# TapaTalk



## jtk07

Is it me or is smoking meats no longer working for tapa talk?

I had previously used it on the iphone but cant find it now..

Im currently running an android phone dont know if that matters.


----------



## mdboatbum

I have an iPhone and still use it for posting photos. Everything else I just use the mobile version of the webpage.


----------



## jtk07

What site did you add













Screenshot_2014-11-22-12-29-10.png



__ jtk07
__ Nov 22, 2014






I don't even see the forum anymore


----------



## mdboatbum

I just searched and added it a while ago. Weird, at first it said my feed was empty then it came up with smf posts. 












image.jpg



__ mdboatbum
__ Nov 22, 2014


----------



## dirtsailor2003

No problems seeing it with my iPhone. Like MD I only use tapatalk for picture loading.


----------



## cmayna

I also am having problems with tapatalk.  It seems per their most recent version, that SMF is no longer an option.  Hmmmmm


----------



## dirtsailor2003

Taping in with Tapatalk. Using the latest app version. No problems here! 









Smoke away!!!


----------



## dockman

Works fine for me


----------



## cmayna

Are you guys running version3.2.1?    And if so, you can open SMF and download pics from your phone?

After I downloaded 3.2.1, SMF disappeared.  Can't even search for it in Tapatalk's forum search.


----------



## cmayna

Testing 123.  Come in Houston








I found SMF finally but am having problem downloading pics from my phone.   Still can't edit any of my replies from my phone.   Argh!

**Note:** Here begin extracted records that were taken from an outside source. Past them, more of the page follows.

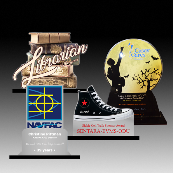 The idea of creating your own award sounds fun! With this award you get a custom cut acrylic piece to fit your theme. There is no limit to the shape or color of the acrylic piece. Highlight someone's achievements, special moments or even use it as a centerpiece on your event tables. We can create any shape. Let your imagination run wild. A $50 shape set up charge applies.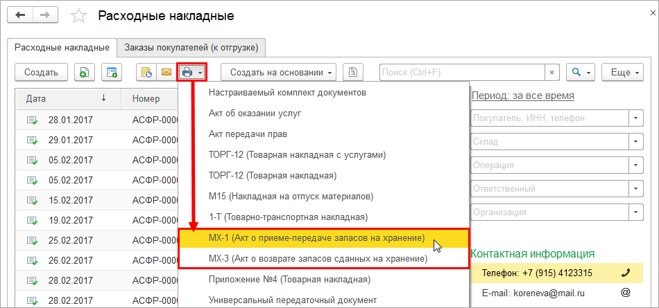 Новая функциональность работы с факсимильной подписью распространена на следующие печатные формы: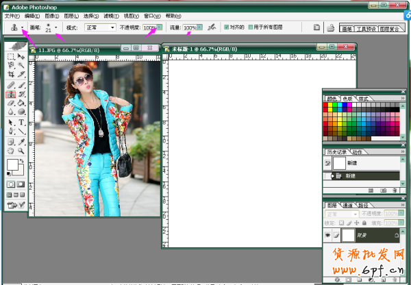 5.打開新建圖片后,點擊仿制圖章工具,把畫筆,不透明度等都設置一下。(如下圖)

Sent from my iPhone using Tapatalk


----------



## cmayna

image.jpg



__ cmayna
__ Nov 24, 2014






Thought I'd try going over to the mobile version of the website and was finally able to download a pic.   Now I'll go back to tapatalk to see what happens


----------



## johgre078

I'm not having any problems. 
John

Sent from my SM-G900V using Tapatalk


----------



## cmayna

Sent from my iPhone using Tapatalk


----------



## welshrarebit

Seems to work for me. I guess it doesn't...


----------



## cmayna

Welshrarebit,  Looks like you might be having the same pic downloading issue as me.   Hmmmmmm,


----------



## dirtsailor2003

Craig, Still no issues for me using Tapatalk. I am using the latest version (3.2.1) of the app on my iPhone 5. I have had issues in the past with this forum though.


----------



## cmayna

So, sounds like it's my turn.  oh well.......


----------



## rmmurray

So I know this thread is a few months old, but I'm having trouble locating SMF on it as well. The mobile version is fine, but it would be nice to use an app instead of opening safari. What should I be searching for? SMF, Smoking Meat Forums and SmokingMeatForums don't bring up anything for this site.


----------



## dirtsailor2003

RMMurray said:


> So I know this thread is a few months old, but I'm having trouble locating SMF on it as well. The mobile version is fine, but it would be nice to use an app instead of opening safari. What should I be searching for? SMF, Smoking Meat Forums and SmokingMeatForums don't bring up anything for this site.


Hmmmm, not sure why SMF doesn't come up in a search. May be that when SMF introduced the mobile version they dropped tapatalk? SMF still works in my tapatalk, but I've had it in tapatalk since before the mobile version came out.


----------



## timberjet

I can get it to come up. But I have to type in the whole name. I can not start a thread or post pictures though on my windows phone. At least I have not figured out how to yet.


----------



## tmac5454

timberjet said:


> I can get it to come up. But I have to type in the whole name. I can not start a thread or post pictures though on my windows phone. At least I have not figured out how to yet.


Mind sharing what name you're typing in? I can't seem to get it to show under anything I try.

EDIT: I've found it! For those who are wondering... you have to type in the full forum name in quotes, like this:

"smokingmeatforums.com"


----------



## lonestar10

What's the address for the mobile site? Cuz I can only see the initial page with the newest posts in Tapatalk. When I click on a post to view the thread I get an error message. 

Thanks in advance. 













image.png



__ lonestar10
__ May 1, 2016


----------



## vaffanculo403

Can't find smokingmeatforums in Tapatalk again.  Anyone else having an issue?


----------



## walshs00

vaffanculo403 said:


> Can't find smokingmeatforums in Tapatalk again.  Anyone else having an issue?


I've tried a few times since i signed up can never find it.  I see people are posting from it because it leaves the signature at the bottom.


----------